Renee.. My first wife practiced law..for a few yrs.. Then she realized as you say....The market is over saturated and she hated the hustle and the politics... She is now the HR director of major hospital...

But then again..there were many times...I would say to myself..I should have done things differently... 

We live with our choices and for that the world is a better place...


----------



## nikki0601 (Dec 14, 2011)

Graduated HS at 17, took a break till I was 18 then went to Nursing School


----------



## tortiechik (Dec 14, 2011)

I have a Master's in Nursing and work as a Family Nurse Practitioner.


----------



## Baoh (Dec 14, 2011)

BS in Biology -> Analytical Chemist in OTC Small Molecule Pharmaceuticals & Dietary Supplements -> a liiiiiiiittle Agro Tech and Food Science -> Product Development Scientist in Biotherapeutics -> Executive MBA -> Formulator & Developer in Biotherapeutics with an emphasis on conjugates, vaccines, and adjuvants


----------



## Lulu (Dec 14, 2011)

Baoh, did you find the Executive MBA to be a worthwhile investment?

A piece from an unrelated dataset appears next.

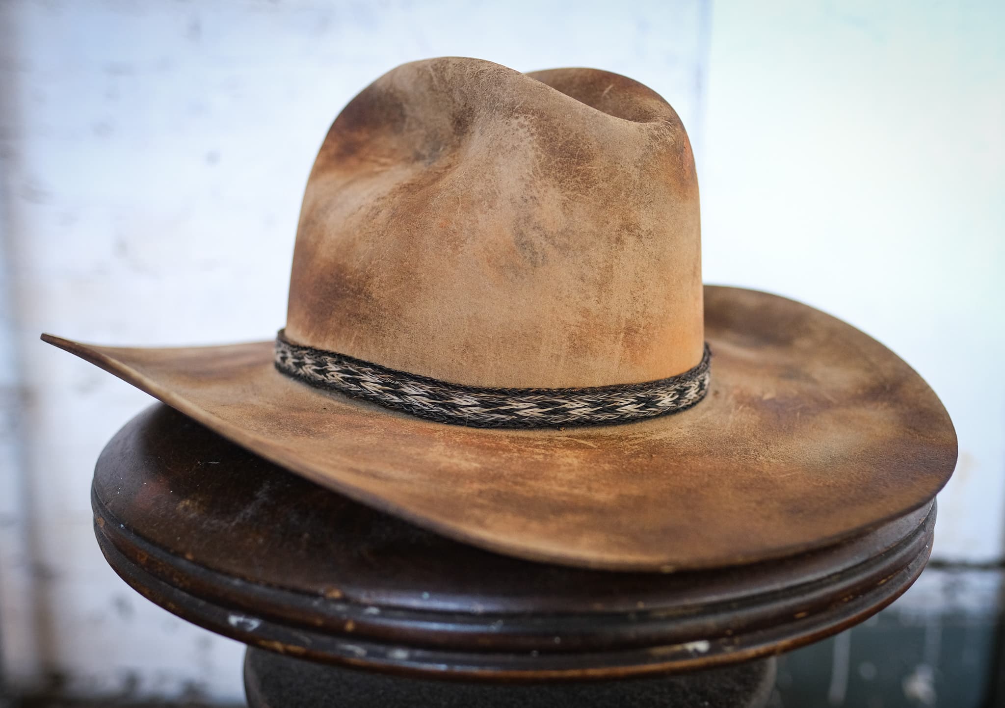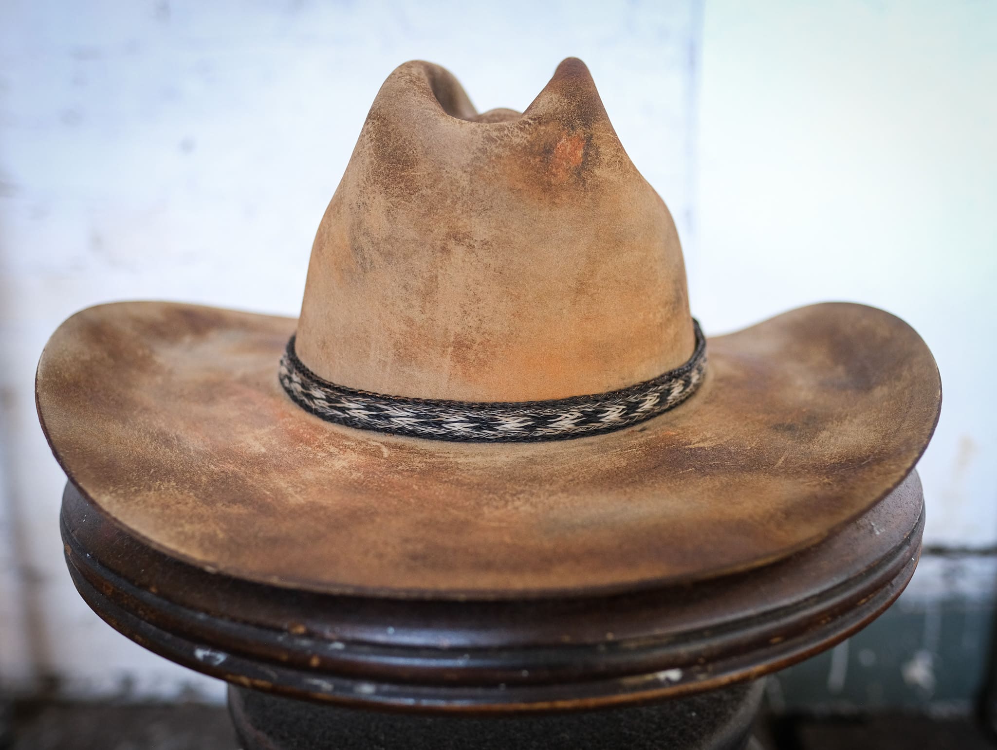 Check out the Ghouls hat from the Fallout TV show! This wide-brimmed western wild piece is the epitome of rugged, post-apocalyptic style. Made from distressed felt using clay and burning, it carries the marks of a hard life with frayed edges and a worn, weathered look. The faded band around the crown adds a touch of character, now cracked and dulled by time. This hat’s grimy, tattered finish gives it a genuine, lived-in feel, perfect for anyone looking to capture that wasteland spirit.

It's something I have considered in the past.


----------



## Baoh (Dec 14, 2011)

Lulu said:


> Baoh, did you find the Executive MBA to be a worthwhile investment? It's something I have considered in the past.



It depends upon what you want to do with it. Unless you receive some very significant amount of tuition reimbursement, the cost of the program can be prohibitive. For me, it has already been the qualifier I needed to open new doors and I have turned down a number of positions in order to find one that both pays well and plays to my interests. I chose not to use tuition reimbursement because there would be strings attached that could restrict my growth. The way I have it, I am a "free agent" of sorts. If you are not planning to use it to reap large financial rewards when paired with the rest of your education and experience as a complete package, I would choose a less expensive program such as a PMBA.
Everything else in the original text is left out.